---------- DATA FOR ANALYSIS ----------
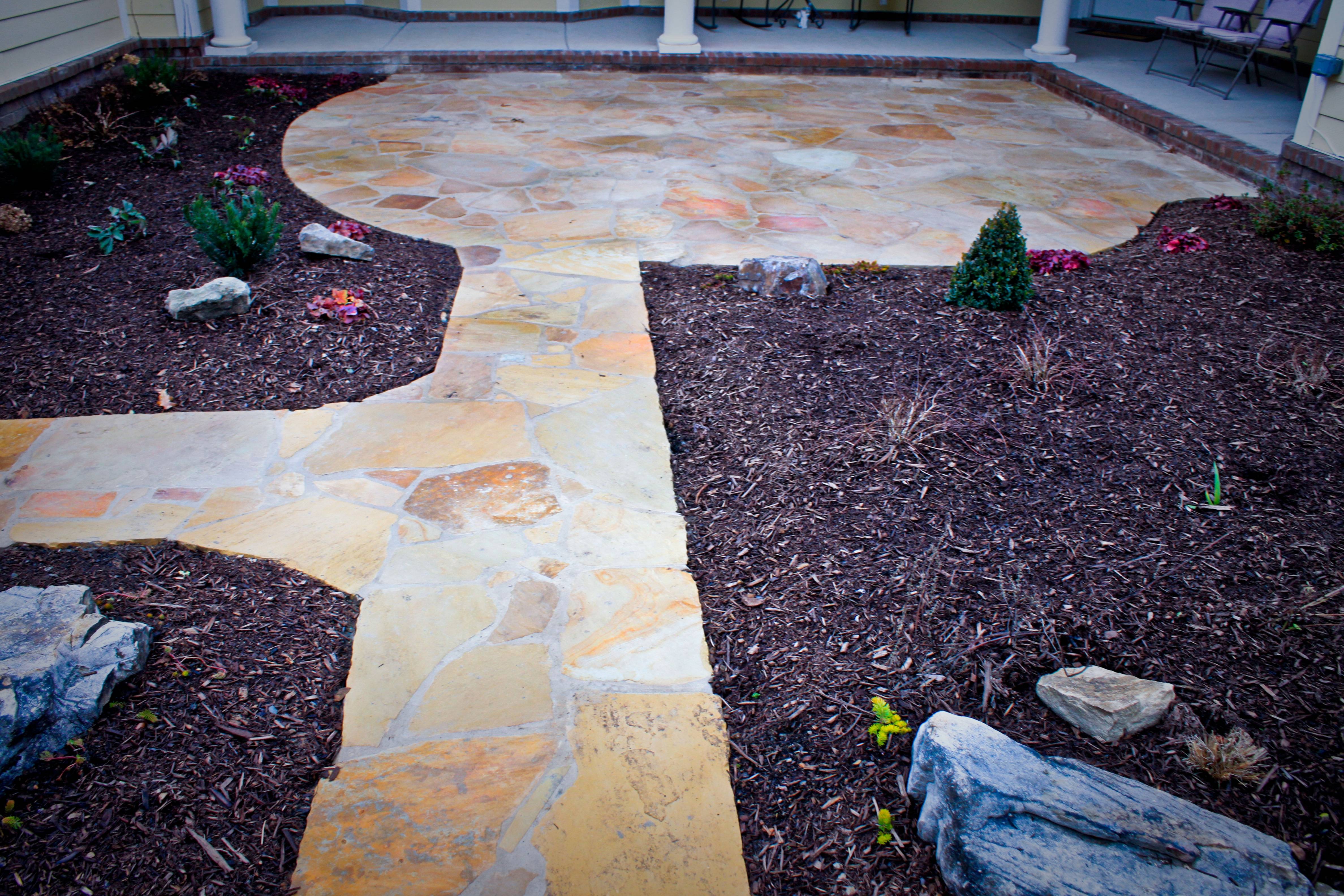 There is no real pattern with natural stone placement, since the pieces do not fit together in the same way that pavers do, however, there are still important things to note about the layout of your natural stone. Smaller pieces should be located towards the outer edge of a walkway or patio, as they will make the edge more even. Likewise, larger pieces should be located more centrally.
----------
---------- DATA FOR ANALYSIS ----------
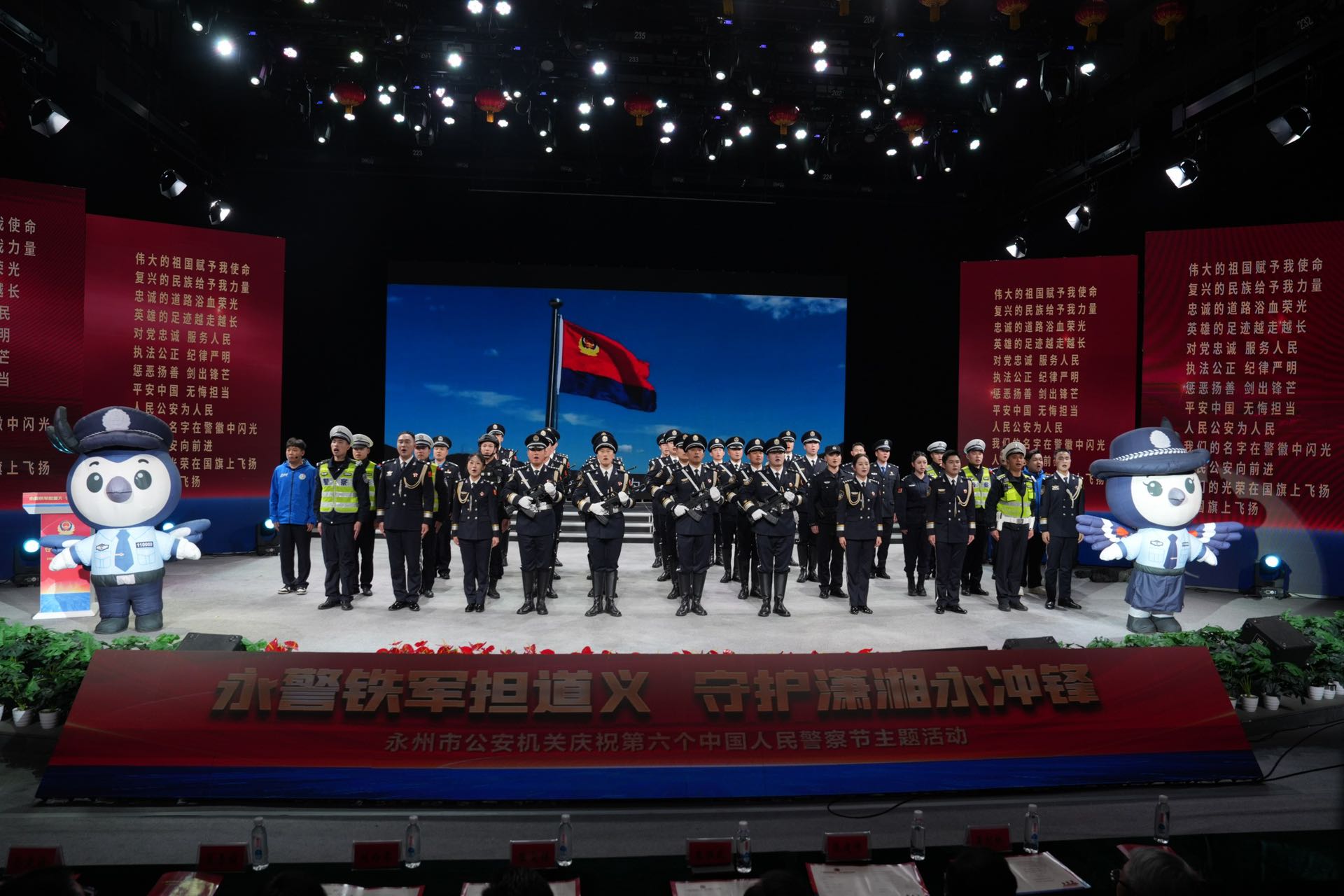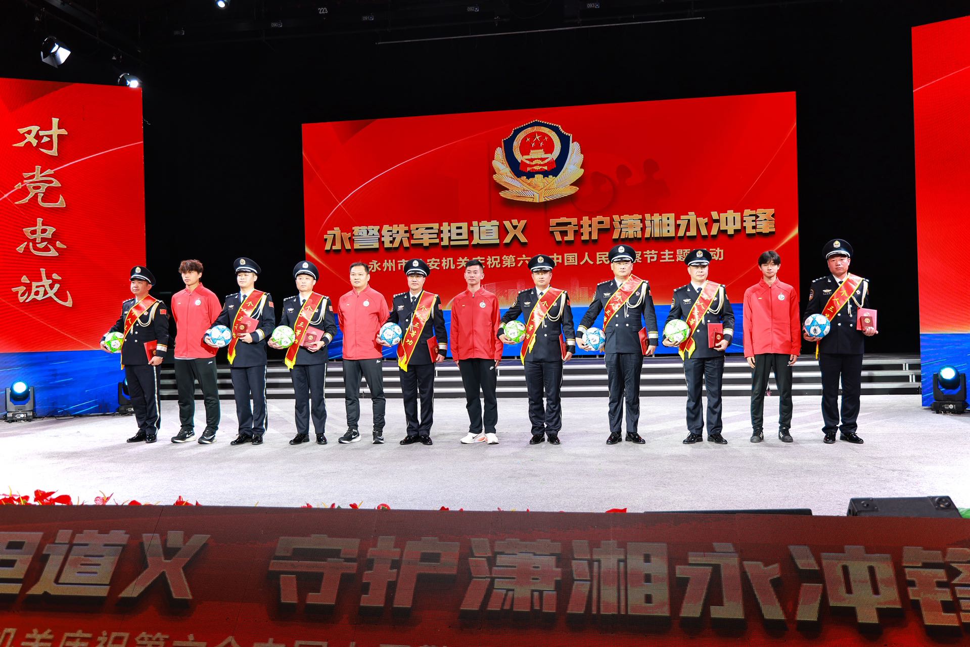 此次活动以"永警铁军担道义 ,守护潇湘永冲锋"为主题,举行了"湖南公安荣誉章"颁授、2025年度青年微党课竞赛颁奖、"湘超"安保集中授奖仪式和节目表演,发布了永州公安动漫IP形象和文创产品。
----------
---------- DATA FOR ANALYSIS ----------
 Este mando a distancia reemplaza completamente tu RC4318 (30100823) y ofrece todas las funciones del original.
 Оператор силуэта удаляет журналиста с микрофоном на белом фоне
----------
EXERCISE GOAL. Among the records above, repeat exactly the line with "Este mando a", the line with "Оператор силуэта удаляет", and every line in between, and only those.

ANSWER AREA.
 Este mando a distancia reemplaza completamente tu RC4318 (30100823) y ofrece todas las funciones del original.
 Оператор силуэта удаляет журналиста с микрофоном на белом фоне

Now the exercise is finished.